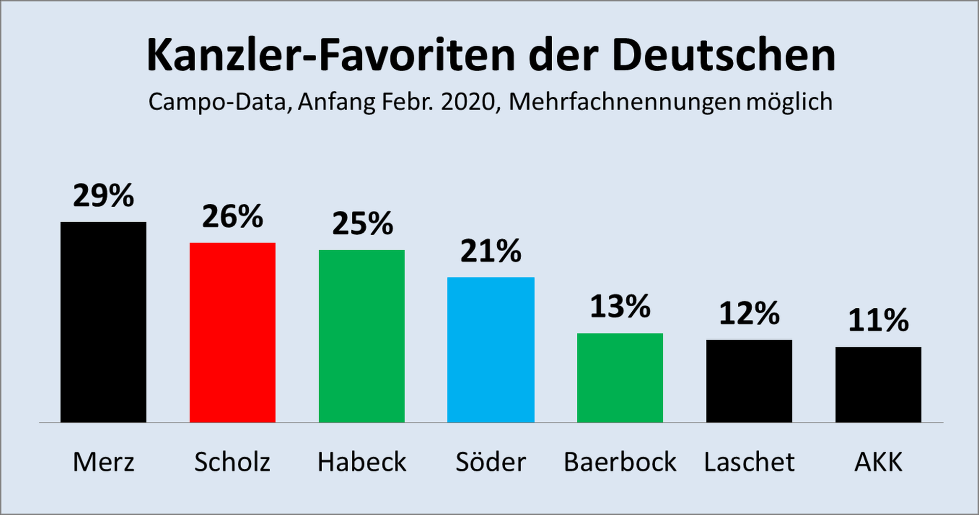 Den Bundeskanzler wählt in Deutschland bekanntlich der Deutsche Bundestag, also nicht das Staatsvolk. Gleichwohl ist es auch für die Parteien natürlich interessant, wen sich die Bürger als Regierungschef wünschen. Das Müncher Marktforschungsinstitut Campo Data, zur WEIMER MEDIA GROUP gehörend, führte dazu – noch vor der Rücktrittsankündigung von AKK – eine Befragung durch. Und so sähe das Ergebnis aus, wenn die Bürger den Kanzler direkt wählen könnten, wobei hier Mehrfachnennungen möglich waren:
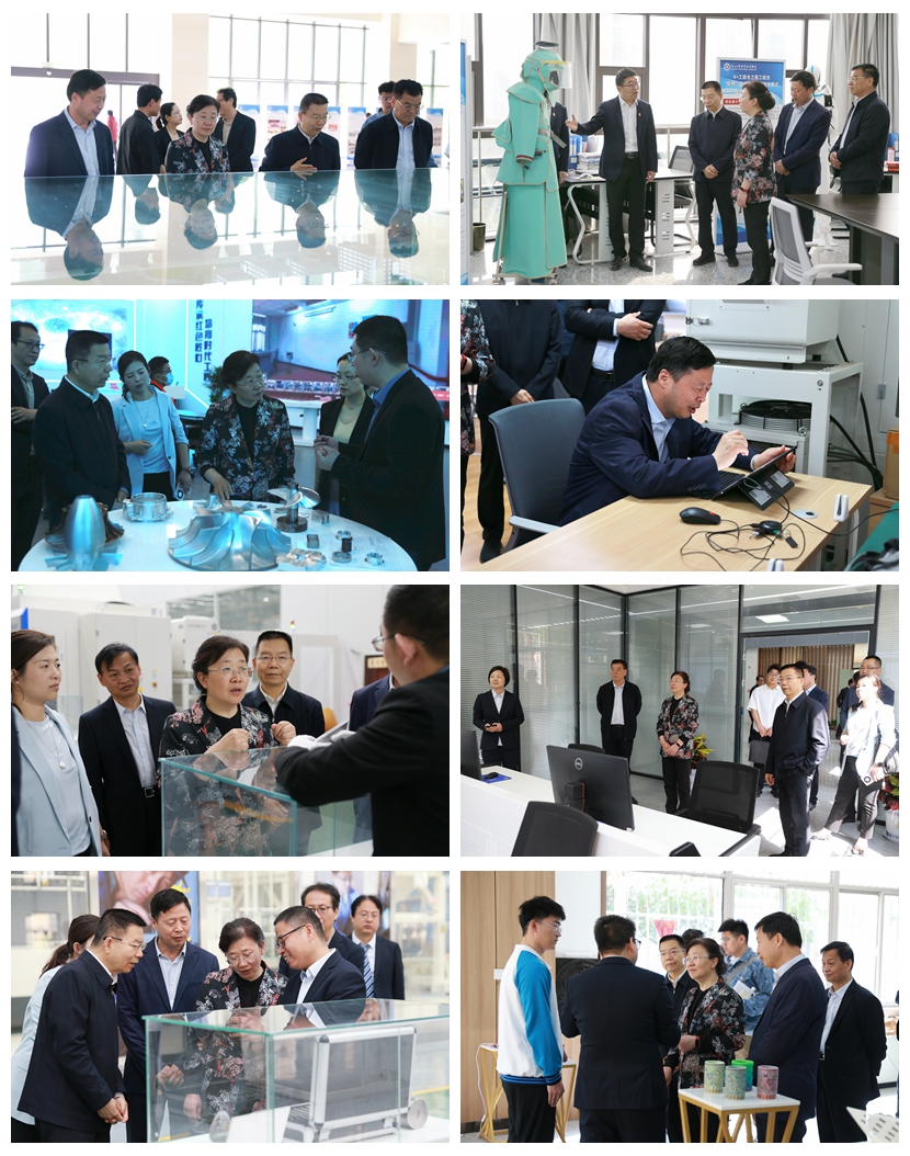 在参观陕西省劳模、工匠职工创新工作室-梁晓哲智能制造创新工作室时,高洁主席对我校职工创新开展“N工结合”项目以及学校在服务地方经济取得的成绩予以高度肯定。高洁主席鼓励青年教师发挥特长、融合学科、创新发展;在参观我校机械工程学院智能制造协同创新中心、我校与北京精雕成立的产业学院时,高洁主席表示,学校在校企共同育人,专业交叉融合,将教育和产业相结合,为培养更多高素质的产业工人提供了很好的经验与做法。
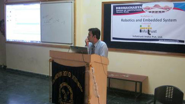 Workshop on Robotics & Embedded Systems for achieving excellence in management was organized by Mechanical Engineering Department at Dronacharya Group of Institutions, Greater Noida on 25th Sept. 2013. The workshop was attended by 63 students of II & III year Mechanical Engineering Department along with faculty member.
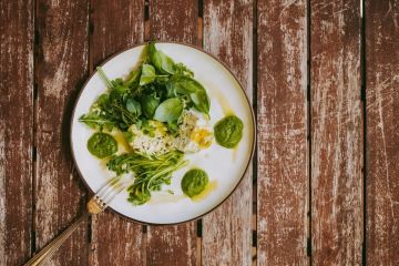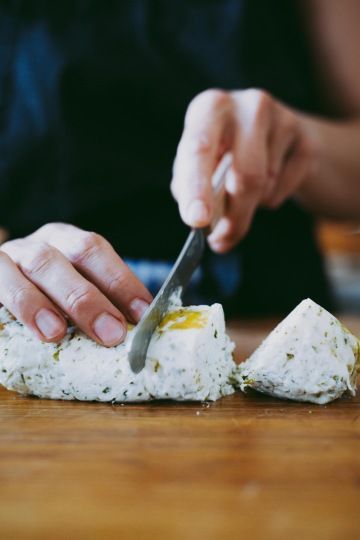 ✺ Po úplném vychladnutí rozbalíme a krájíme. Na talíři dozdobíme směsí rukoly, divokých bylinek, microgreens a jedlých květů, které zakápneme ochuceným olejem a trochou soli.
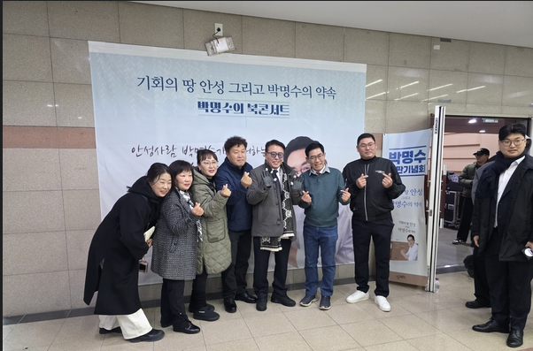 황 전 시장도 “박명수 의원은 시장으로 재직하던 시절 함께 공직을 이끌어 가며, 불의에 타협하지 않고 올곧게 시정을 이끌어 나가던 강직하고 청렴한 사람으로 기억한다”며 “비정상을 정상으로 바꿀 수 있는 박명수 의원이 안성발전을 이끌어 나가길 희망한다”고 말했다.
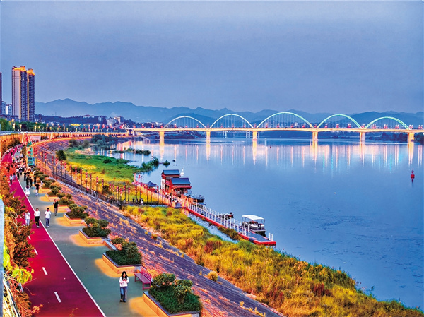 眼前的漢江是安康人的母親河,它發(fā)源于漢中市寧強縣,一路歡聲笑語,流過安康。旬陽電站建成蓄水后,這里變成安康湖,江面寬闊,碧波蕩漾。一艘漢江游船順流東下,幾艘快艇逆行沖浪。前方不遠(yuǎn)處那座彩虹橋下,一群孩子嘰嘰喳喳,正在那里學(xué)習(xí)游艇試水。漢江安康城區(qū)段過去只有一座大橋,后來先后修建了二橋、三橋、四橋。下游孩子們戲水的地方,就是東壩漢江大橋,也稱“四橋”。這座橋建得很漂亮,尤其是到了晚上,橋上的彩燈能夠變換出多種顏色,成為安康的“網(wǎng)紅橋”。
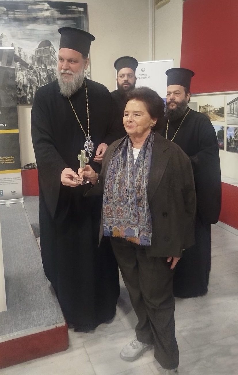 Στη συνέχεια ο Μητροπολίτης κ. Γαβριήλ απένειμε στην κ. Μορόπουλου ως ένδειξη τιμής και ευγνωμοσύνης τον βυζαντινό Σταυρό της Ιεράς Μητροπόλεως Νέας Ιωνίας επί τη συμπληρώσει 50 ετών από την ίδρυση αυτής.
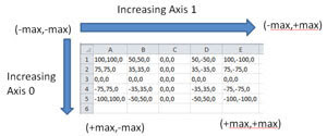When creating the CSV file, be aware that the order of the correction elements in the CSV file differs from the Grid View; Axis 0 positions increase top to bottom and Axis 1 positions increase left to right (Figure 9).
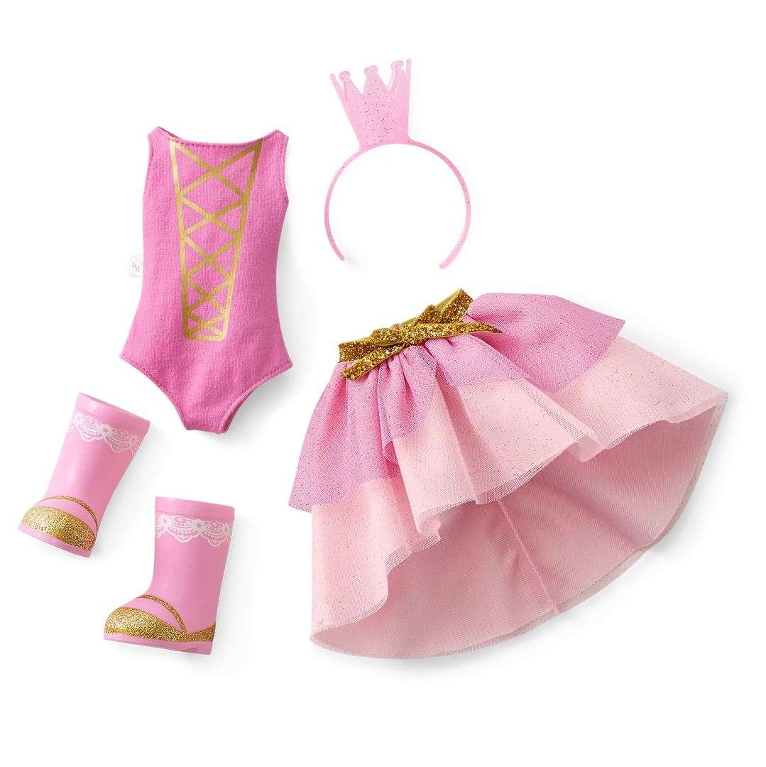 Ashlyn™ Doll: The 14.5″ Ashlyn doll, featuring brown eyes and silky brown hair, dressed in her princess outfit and wellie boots
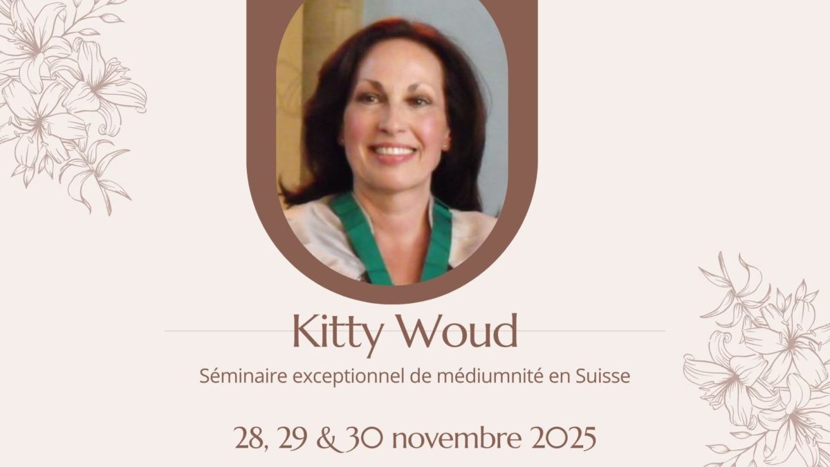 Kitty Woud, médium internationale de grande renommée, sera à Chippis (Valais) les 28, 29 et 30 novembre 2025 pour un séminaire intensif de 3 jours sur la médiumnité probante ✨.
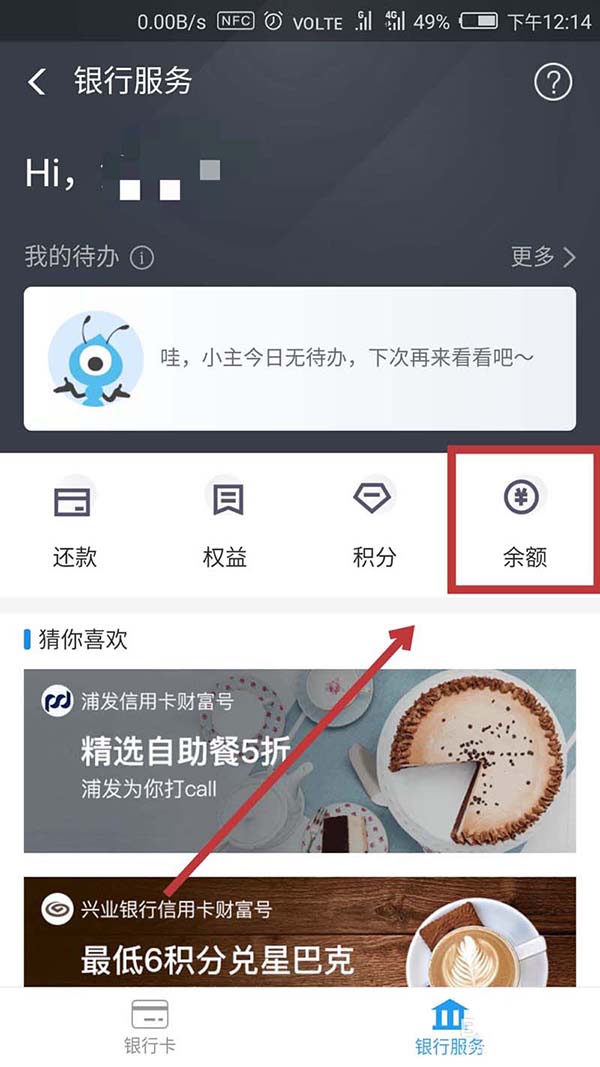 4、然后在界面中部的右侧有一个【余额】,点击进入。

-------

* [Aim of the exercise]: Output every record above word for word, omitting any pictures they contain.

* [Solution to the problem]:
 Den Bundeskanzler wählt in Deutschland bekanntlich der Deutsche Bundestag, also nicht das Staatsvolk. Gleichwohl ist es auch für die Parteien natürlich interessant, wen sich die Bürger als Regierungschef wünschen. Das Müncher Marktforschungsinstitut Campo Data, zur WEIMER MEDIA GROUP gehörend, führte dazu – noch vor der Rücktrittsankündigung von AKK – eine Befragung durch. Und so sähe das Ergebnis aus, wenn die Bürger den Kanzler direkt wählen könnten, wobei hier Mehrfachnennungen möglich waren:
 在参观陕西省劳模、工匠职工创新工作室-梁晓哲智能制造创新工作室时,高洁主席对我校职工创新开展“N工结合”项目以及学校在服务地方经济取得的成绩予以高度肯定。高洁主席鼓励青年教师发挥特长、融合学科、创新发展;在参观我校机械工程学院智能制造协同创新中心、我校与北京精雕成立的产业学院时,高洁主席表示,学校在校企共同育人,专业交叉融合,将教育和产业相结合,为培养更多高素质的产业工人提供了很好的经验与做法。
 Workshop on Robotics & Embedded Systems for achieving excellence in management was organized by Mechanical Engineering Department at Dronacharya Group of Institutions, Greater Noida on 25th Sept. 2013. The workshop was attended by 63 students of II & III year Mechanical Engineering Department along with faculty member.
 ✺ Po úplném vychladnutí rozbalíme a krájíme. Na talíři dozdobíme směsí rukoly, divokých bylinek, microgreens a jedlých květů, které zakápneme ochuceným olejem a trochou soli.
 황 전 시장도 “박명수 의원은 시장으로 재직하던 시절 함께 공직을 이끌어 가며, 불의에 타협하지 않고 올곧게 시정을 이끌어 나가던 강직하고 청렴한 사람으로 기억한다”며 “비정상을 정상으로 바꿀 수 있는 박명수 의원이 안성발전을 이끌어 나가길 희망한다”고 말했다.
 眼前的漢江是安康人的母親河,它發(fā)源于漢中市寧強縣,一路歡聲笑語,流過安康。旬陽電站建成蓄水后,這里變成安康湖,江面寬闊,碧波蕩漾。一艘漢江游船順流東下,幾艘快艇逆行沖浪。前方不遠(yuǎn)處那座彩虹橋下,一群孩子嘰嘰喳喳,正在那里學(xué)習(xí)游艇試水。漢江安康城區(qū)段過去只有一座大橋,后來先后修建了二橋、三橋、四橋。下游孩子們戲水的地方,就是東壩漢江大橋,也稱“四橋”。這座橋建得很漂亮,尤其是到了晚上,橋上的彩燈能夠變換出多種顏色,成為安康的“網(wǎng)紅橋”。
 Στη συνέχεια ο Μητροπολίτης κ. Γαβριήλ απένειμε στην κ. Μορόπουλου ως ένδειξη τιμής και ευγνωμοσύνης τον βυζαντινό Σταυρό της Ιεράς Μητροπόλεως Νέας Ιωνίας επί τη συμπληρώσει 50 ετών από την ίδρυση αυτής.
When creating the CSV file, be aware that the order of the correction elements in the CSV file differs from the Grid View; Axis 0 positions increase top to bottom and Axis 1 positions increase left to right (Figure 9).
 Ashlyn™ Doll: The 14.5″ Ashlyn doll, featuring brown eyes and silky brown hair, dressed in her princess outfit and wellie boots
 Kitty Woud, médium internationale de grande renommée, sera à Chippis (Valais) les 28, 29 et 30 novembre 2025 pour un séminaire intensif de 3 jours sur la médiumnité probante ✨.
 4、然后在界面中部的右侧有一个【余额】,点击进入。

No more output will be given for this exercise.